I think you will see similar performance with unbound workqueue and rps.

>
>>>    You know this patch is not only resolving OS resource
>>> competition issue, but also the perf issue. We have analyzed if we
>>> still use workqueue(kworker) as target when initiator is polling
>>> driver(eg: spdk), then workqueue/kworker target is the bottleneck
>>> since every nvmf request may have a wait latency from queuing on
>>> workqueue to begin processing,
>> That is incorrect, the work context polls the cq until it either drains
>> it
>> completely, or exhaust a quota of IB_POLL_BUDGET_WORKQUEUE (or
>> NVMET_TCP_IO_WORK_BUDGET). Not every command gets its own workqueue
>> queuing delay.
>>
>> And, what does the spdk initiator has to do with it? Didn't
>> understand...
> Yes, target workqueue implementation will poll a quota; but when the
> work
> load was high we found many work will wait too long(some of them at
> several
> ms to hundred ms shown above histogram). We use the spdk initiator(by
> polling mode) to send IO's read/write to nvme disks of a kubernetes
> cluster's remote node.

The initiator is an orthogonal detail here. the same issue exists 
regardless of
spdk afaiu. Let's ignore it, its confusing.

>
>>>    and the latency can be traced by wqlat
>>> of bcc (https://github.com/iovisor/bcc/blob/master/tools/wqlat.py).
>>> We think the latency is a disaster for the polling driver data plane,
>>> right?
>> If you need a target that polls all the time, you should probably
>> resort
>> to spdk.
>> If there is room for optimization in nvmet we'll gladly take it, but
>> this is not the
>> way to go IMO.
> Yes, in the begining we did use the spdk as polling target driver,
> but we suffered from spdk target could not support disk hot plug/unplug
> well, sometimes it will cause data loss when did disk hot plug/unplug.
> So we switch to kernel target driver because in production customer's
> data security is first priority. And for kernel's target it has no
> polling mode target driver, so we implemented these patches.
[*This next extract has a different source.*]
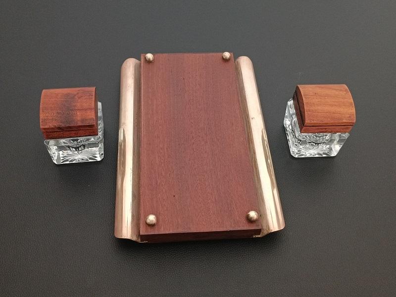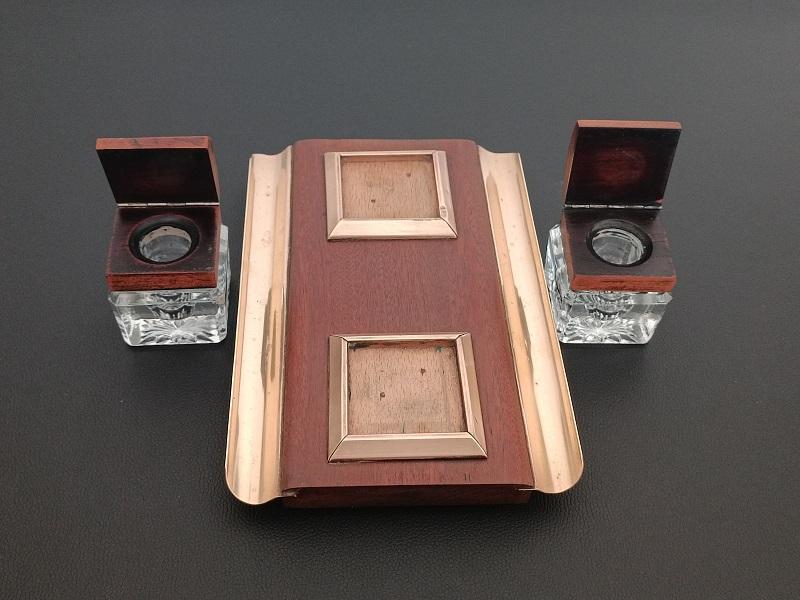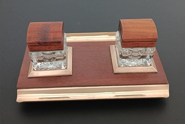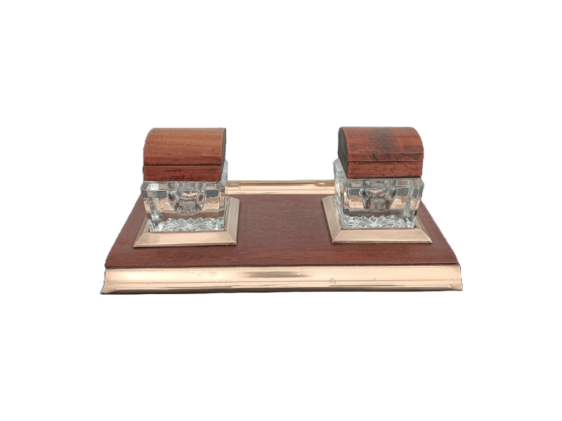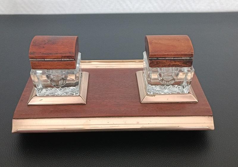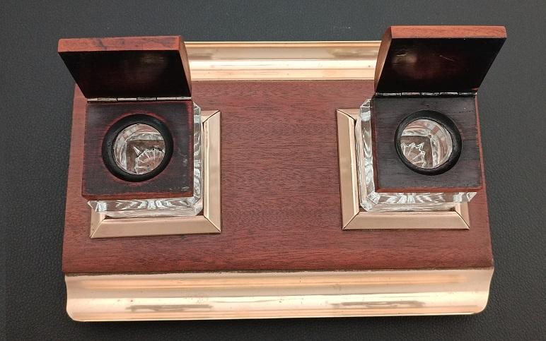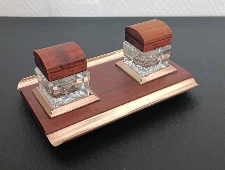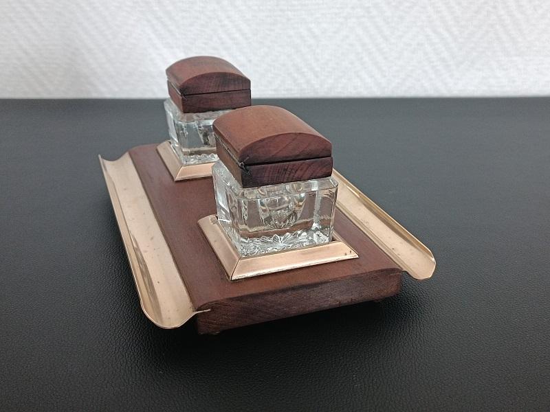 Encrier double réservoirs en bois et laiton

Well, its a hard sell for upstream nvmet.

>
>>> So we think adding a polling task mode on nvmet side to handle
>>> IO does really make sense; what's your opinion about this?
>> I personally think that adding a polling kthread is questionable.
>> However there is a precedent, io_uring sqthreads. So please look
>> into what is done there. I don't mind having something like
>> IB_POLL_IOTASK (or
>> io_task threads in nvmet-tcp) if its done correctly (leverages common
>> code).
> Yes, we have studied io_uring's code before implementing the patches.
> Actually we followed io_uring's design idea in these patches.

I'm talking about reusing what io_uring sqpoll tasks. Move them to common
code, generalizing it to address what you need, and reuse that. 
Implementing a
half-baked inspired version in nvmet is not going to fly here. Sorry.